Было так приятно, так радостно сознавать, что через несколько минут я приеду, а завтра проснусь рано утром в маленькой, чисто прибранной комнатке и буду долго лежать в постели, не двигаясь, в полудремоте, и слушать тиканье раскрашенных настенных часов с гирями на тонких, длинных, чуть тронутых ржавчиной цепочках, и крик петуха, и стук телеги, и ленивое цоканье копыт – все эти милые, простые, успокаивающие звуки, которые никогда не услышишь в Ленинграде.
Впереди два с половиной месяца тихой, бездумной жизни. Каникулы. Как хорошо!..
Все осталось позади. Зачеты, Анатолий, Звягинцев с его телефонными звонками, отец, мама, библиотечный зал, анатомичка, этот лекарственный запах – смесь йода, формалина и карболки, который въедается в кожу, постоянная нехватка времени, вечная спешка – все, все осталось позади!

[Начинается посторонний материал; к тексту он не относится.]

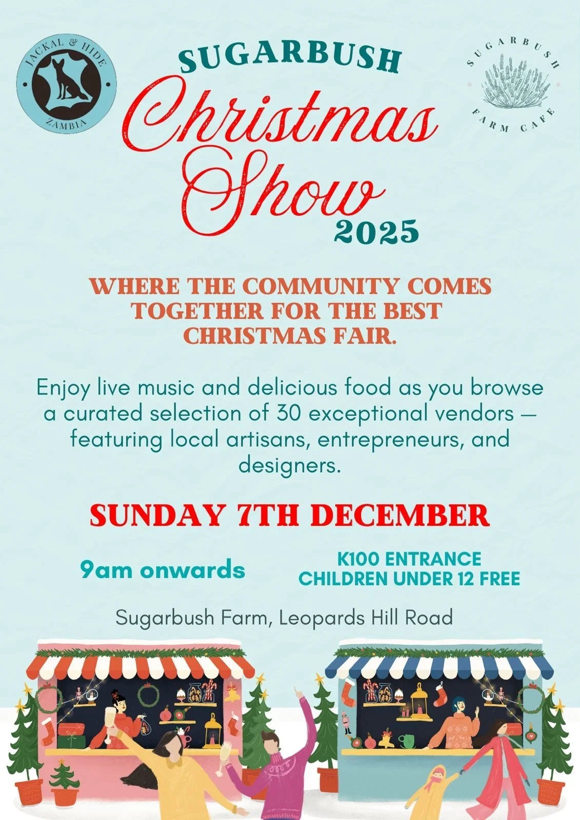 Get ready, Lusaka! The Sugarbush Christmas Show is back, bringing the city together for the most festive Christmas fair of the season. Experience a vibrant celebration of local talent with live music, delicious food, and a curated selection of 30 exceptional vendors featuring Zambia’s finest artisans, designers, and entrepreneurs.
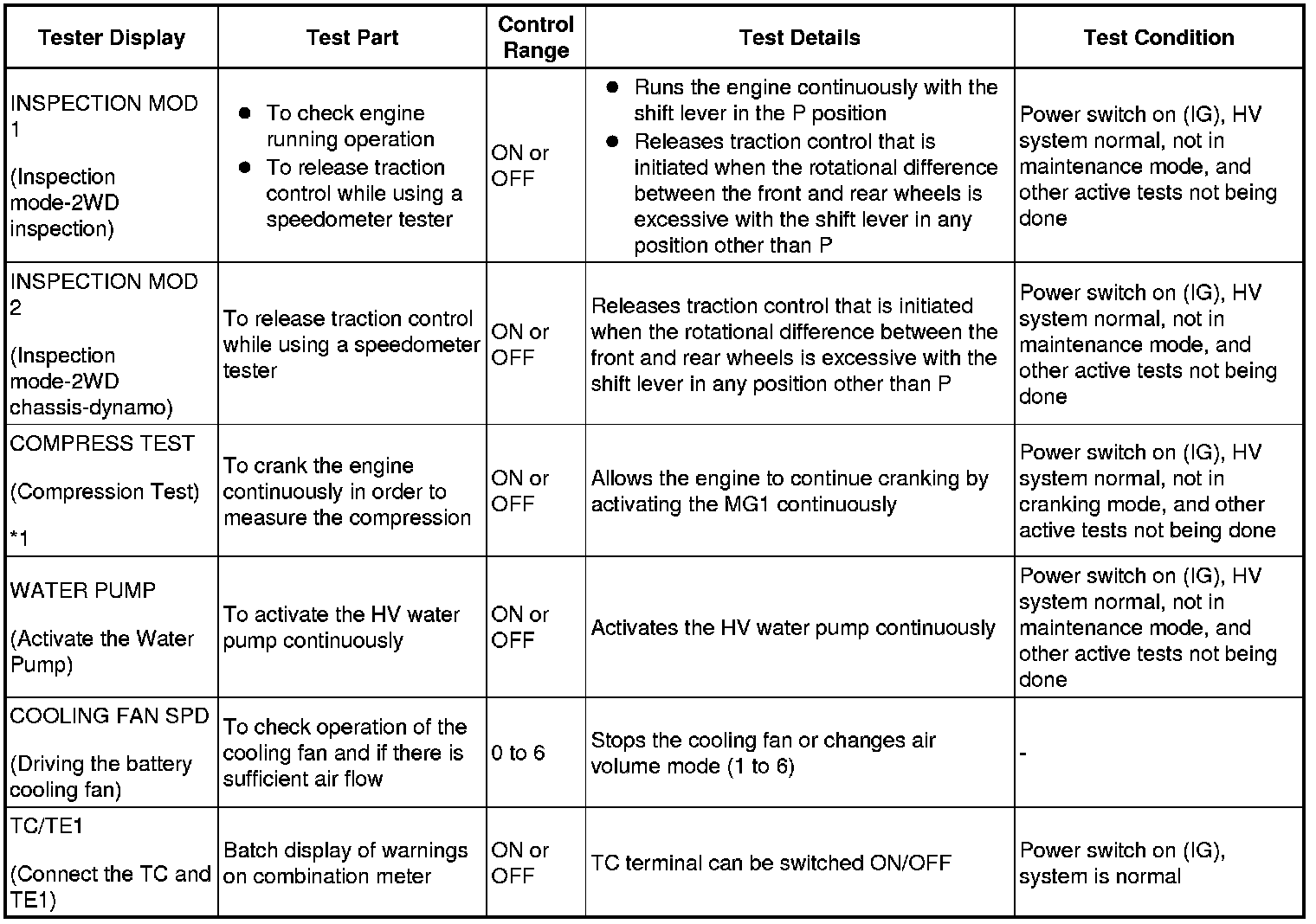 NOTICE: For items marked with *1 in the chart, the intelligent tester will display a communication error and the vehicle's READY light will turn off when the active test is completed. If the tester will be used on the vehicle again, turn the power switch off and then on (READY) again to restart the tester.

Сейчас поезд остановится, я выйду из вагона и увижу тетю Машу и дядю Егора, они будут, как обычно, стоять в центре перрона, под часами. Увидев меня, они всплеснут руками и заспешат навстречу. Я все это знаю наперед, потому что уже привыкла, – так было и в прошлом году, и в позапрошлом, и в позапозапрошлом, уже несколько лет подряд я приезжаю сюда на каникулы – когда-то школьницей, а теперь вот студенткой.
Итак, два с половиной месяца буду жить ни о чем не думая. Ни одной книги не возьму в руки, буду рано вставать, долго купаться в тихой, ласковой речке Знаменке, спать после обеда, вечером ходить в кино, смотреть по второму и третьему разу картины, которые шли в Ленинграде полгода, а то и год назад, рано ложиться, просыпаться от стука колес и крика петуха… Хорошо!
Я вернулась к своей полке, стащила с нее чемодан, попрощалась с попутчиками и стала продвигаться к выходу.
Ну конечно, все произошло так, как я и ожидала: через мгновение я уже бежала навстречу тете Маше и дяде Егору, волоча чемодан по дощатому настилу перрона, на ходу передавая им приветы от мамы и отца… Дядя Егор берет мой чемодан, по старой привычке вскидывает его на плечо – он когда-то работал носильщиком, – и вот мы все трое идем по пустынному перрону туда, к маленькой привокзальной площади, где стоит на конечной остановке в ожидании пассажиров автобус.
Я что-то болтаю без умолку, будто мне не двадцать лет, а четырнадцать, как тогда, когда я в первый раз приехала сюда уже самостоятельно, без мамы, а дядя Егор, как обычно, вставляет время от времени свои однообразно короткие вопросы; «Как мать-то?», «Как отец?», «Как Питер-то живет?»
И вдруг я останавливаюсь как вкопанная. Там, в дальнем конце перрона, стоит Анатолии. Чемодан в одной руке, белый плащ – мы вместе покупали его в Гостином – в другой.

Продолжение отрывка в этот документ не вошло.